Please note, that filter.Date is string. Its not a DateTime structure.

This also throws an exception. So my question is how execute query written above?
PS: I can't perform filtering in memory, this table has many thousands of rows.

4
  • Are you sure about your requirement? This looks really dangerous to me to rely on the string representation of a date. What if the culture between client and server is different? Commented Jul 4, 2014 at 12:42
  • Yes, I'm totaly sure. And I'm not afraid about issues, that can happen if culture on server and client are different. Commented Jul 4, 2014 at 12:50
  • You're aware this is going to be dog-slow, right, as it won't use indices? If you had a Calendar table you could run the date-search against that (much smaller table, with separated columns in indices too), which could then be joined as part of a regular range query.... but I'm not sure how to deal with that in Entity Framework. Commented Jul 4, 2014 at 13:02
  • Yes, I know about indexes. This is not a big deal because I have no index on this column. Commented Jul 4, 2014 at 13:13

1 Answer 1

5

There's no simple way to convert a datetime to string with l2e, sadly.

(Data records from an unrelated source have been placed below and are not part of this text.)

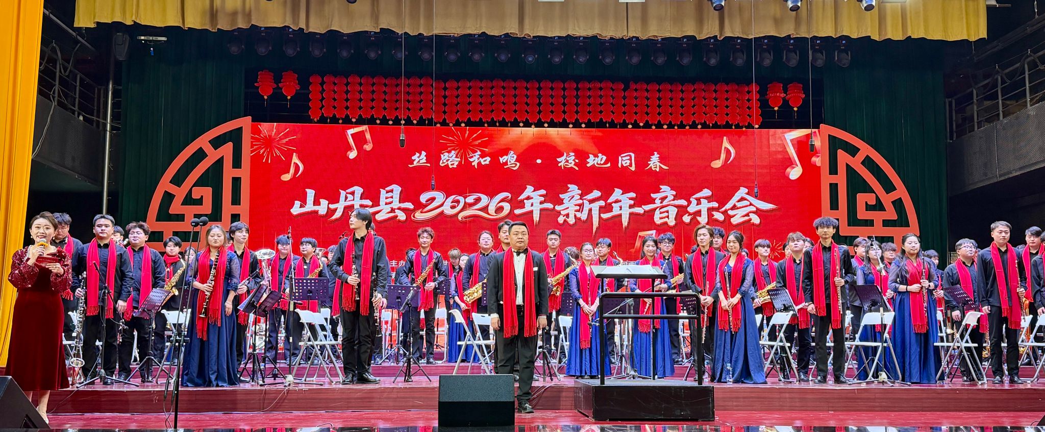 12月30日晚,河西学院祁连管乐团受邀赴山丹县,在“丝路和鸣·校地同春”2026新年音乐会上奉献管乐专场演出。河西学院党委常委、副校长唐志强、山丹县委、县政府主要领导等领导出席观看。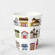 Colourful pattern of houses decorate this paper cup perfect for serving beverages at your next house warming party or realtor's open house.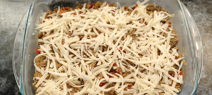 В жаропрочной форме соединяем филе куриное, творог, помидор, кукурузу (можно не добавлять), яйца, зелёный лук, соль и перец по вкусу, перемешиваем и, в заранее разогретую духовку до 180С отправляем на 30 мин. По истечении времени посыпаем сыром и еще раз - в духовку, пока сырная корочка не станет румяной (15-20 мин.)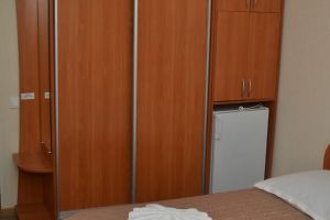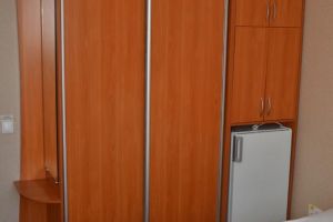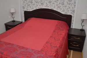 Однокомнатный номер, двуспальная кровать, холодильник, ЖК-телевизор, набор столовой посуды, ванная комната (ванна, унитаз, раковина). Балкон.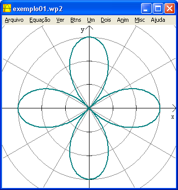 Você provavelmente desejará alterar a variação dos valores de t, e pode ser necessário aumentar a densidades dos pontos caso a curva pareça muito "poligonal". Marque "polar" para entrar com equações paramétricas no sistema polar, dadas por equações que definem r e teta em função de um parâmetro t, como mostrado abaixo: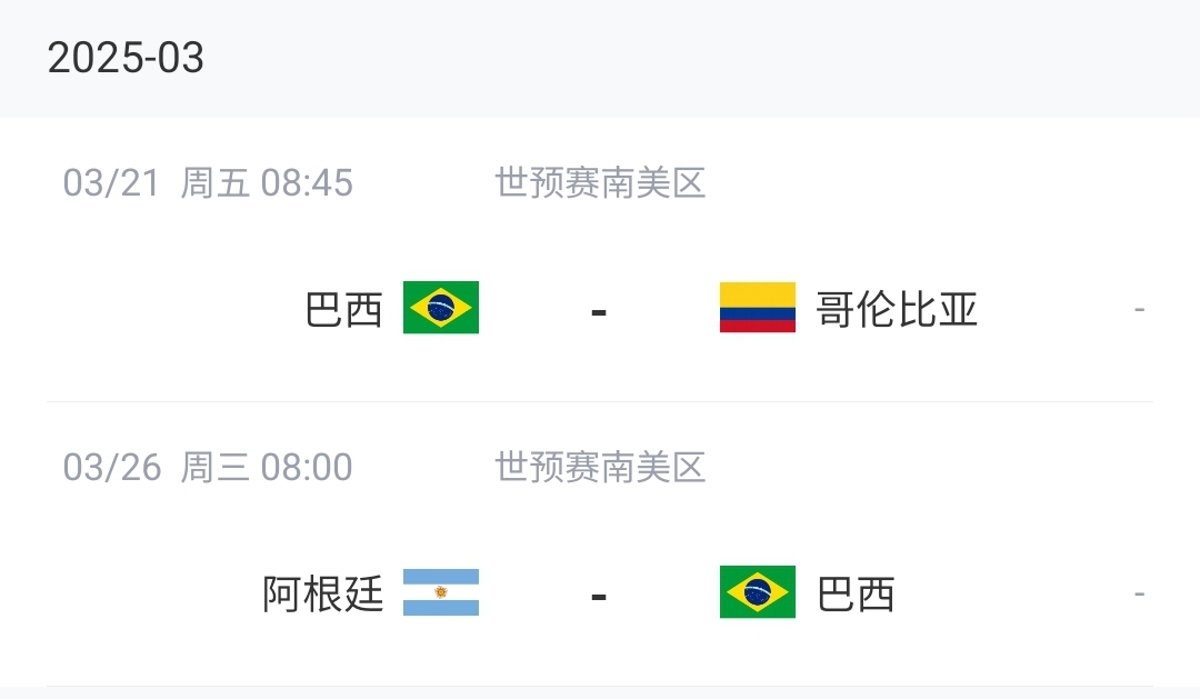 在3月份的世預(yù)賽中,巴西將先后交手哥倫比亞和阿根廷,目前巴西隊(duì)5勝3平4負(fù)積18分,位列第5。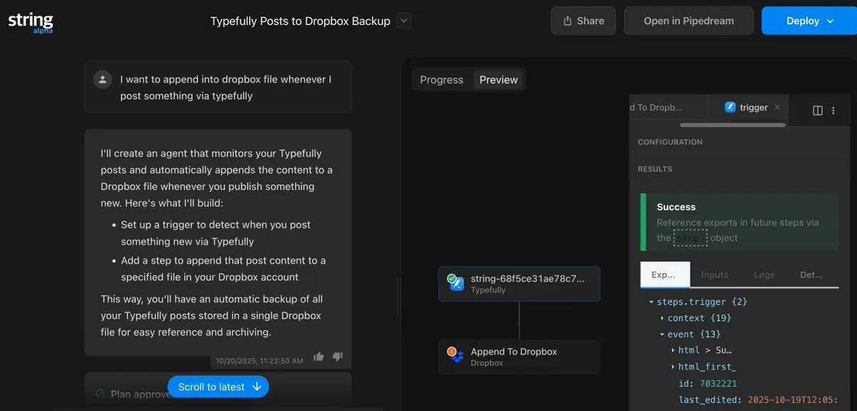 Feeling super happy after seeing an AI chatbot successfully help finish a task. I use Typefully to post on social media and love storing what I've posted, as I use social media as a commonplace for notes. Yesterday, I tried using @zapier AI for the same purpose with the same… https://t.co/w9N0iADES3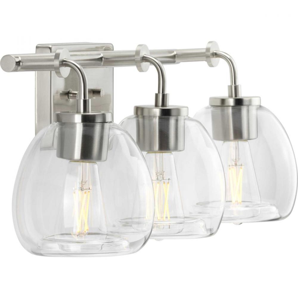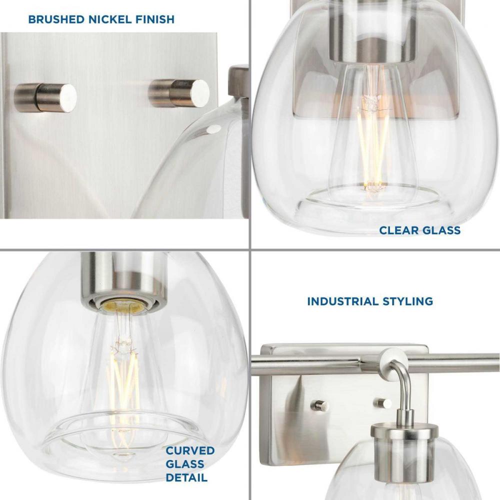 Ideal for a bathroom;Perfect for urban industrial, farmhouse, and rustic style settings;Beautiful brushed nickel finish;Bell-shaped clear glass;Mount the light fixture facing up or down;Uses 3 medium base base bulbs that are sold separately (60 W max - LED

You may use some SqlFunctions methods

SqlFunctions.DatePart

will return an int representing a part of the Date (year, month, day for example).

and

SqlFunctions.StringConvert

can help you to convert the int in a string (casting it to double first), which you can then concatenate.

Something like

.Where(b => (SqlFunctions.StringConvert((double)SqlFunctions.DatePart("y", b)) 
           + SqlFunctions.StringConvert((double)SqlFunctions.DatePart("m", b))
           //etc.
             ).Contains(filter.Date)

of course this is unreadable, and really not index-friendly.

A (much) easier and cleaner way, if you're working with sql server, would be to create and use a computed column.

You can create it like that (google to find how to do this properly if you use Code First and Migrations)

alter table add StringDate as convert(varchar, [Date], 112)//or another format, this will be yyyymmdd

If you use code first, you'll have to mark the property with attribute

[DatabaseGenerated(DatabaseGeneratedOption.Computed)]

Then you will be able to do

.Where(b => b.StringDate.Contains(filter.Date))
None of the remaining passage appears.